Back with Rohail Hyatt as solo producer, Coke Studio is repeating old mistakes and making some new ones.
Coke Studio is not a TV show anymore. The giant behemoth that comes with its own sets of billboards, radio and TV ads, sponsored air-time; the great claim ‘Sound of the Nation’ and coffee table books (now and again) is back – without a punch.
For one thing, the show should have been cancelled a long time ago because now it’s deluded us into believing that this over-polished yet similar-to-the-Strings-era Coke Studio 12 is “cultural cohesion”.
Last season, produced by Ali Hamza and Zohaib Kazi, was about celebrating the minorities, the diversity of the country even as it featured some similar names like Momina Mustehsan in that embarassment, ‘Ko Ko Korina’. But the patriotic card was used with ‘Hum Dekhengay’ – the season opener.
While last year there was hunger and a vision that few understood, this year the season opener arrived on a Friday with Atif Aslam dressed in all-white, presenting a hamd originally made famous by Nusrat Fateh Ali Khan. Atif Aslam carried it on his shoulders and there is no question about it. But one has to question CS’s real intentions in opening on a Friday? Is it playing the religious card for mass acclaim?
The first episode answers that question
There are three songs in total, each with its own narrative.
Zoe Viccaji, who has done better work on Coke Studio, returns with ‘Ram Pam’ – a song that she noted allowed her a chance to showcase her jazz sensibilities. Meanwhile, the man who earned a solo spot actually got featured in the song only – Shahab Hussain.
‘Ram Pam’, the supposedly light-hearted number in the first episode is really one of those elevator music numbers. You may sing along ‘ta ra ram pam’ but when off the elevator, the song says a goodbye. In comparison, for instance, Zoe Viccaji’s duet with Asif Hussain Samraat in season four is the most eloquent she has sounded on the show. Even ‘Dil Kinara’ from season six had guts because it was driving Zoe out of a genre she is comfortable with.
The King of Qawwali, the heir to the legendary NFAK throne, Rahat Fateh Ali Khan is a selling artist, a fierce talent, turning Bollywood Qawwali into a genre of its own. And while his powers are many, they no longer fit into the studio. Why not listen to him in a Bollywood film? He has some marvelous songs to his credit.

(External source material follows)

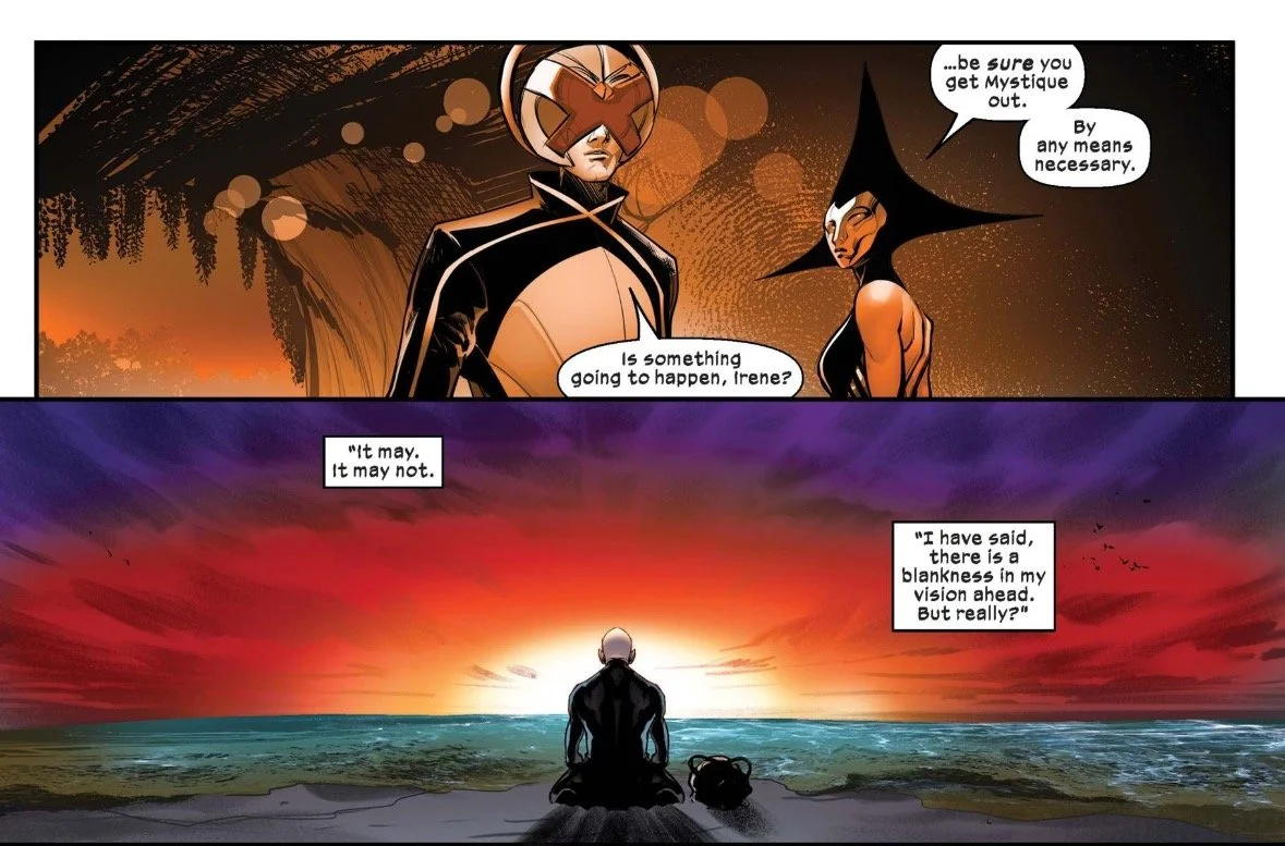 As the main cover of this issue indicates, one of the Quiet Council members we spend time with is Krakoa’s last remaining mutant inhabitant, Charles Xavier. Via flashbacks the ORCHIS attack interspersed with images of an unshaven, present-day Xavier, Gillen reveals Destiny had warned him that something may happen at the Gala and to ensure Mystique’s safety if they did.

The song, ‘Dam Mastam’ is said to be an ode to Maula Ali from Shahbaz Qalandar but it sounds good in theory only. Where the song begins and how it turns into a Jhankar Beats version, makes it so average, you are listening and staring in complete devastation. The buzzword of episode one seems to be groove. Throw it here and there, in each song. And this becomes apparent even on ‘Maahi Diyaan Jhokaan’. In fact the gravel-sounding trio, added as the folk element, has enormous value; their narrative is their own. This was a disappointing beginning and it begs the question? What is the answer? I’ll tell you as the season concludes – in a couple of weeks.
The corporatized ‘baithak’ is a bit too much to take. But the visuals nonetheless handled by Zeeshan Parwez and Kamal Khan, worked overall. The dark hues worked.
Keeping a somewhat open mind since this was the first episode, I hope I am proven wrong in the coming weeks and Coke Studio creates good songs and doesn’t turn a space dedicated to music into something rigid.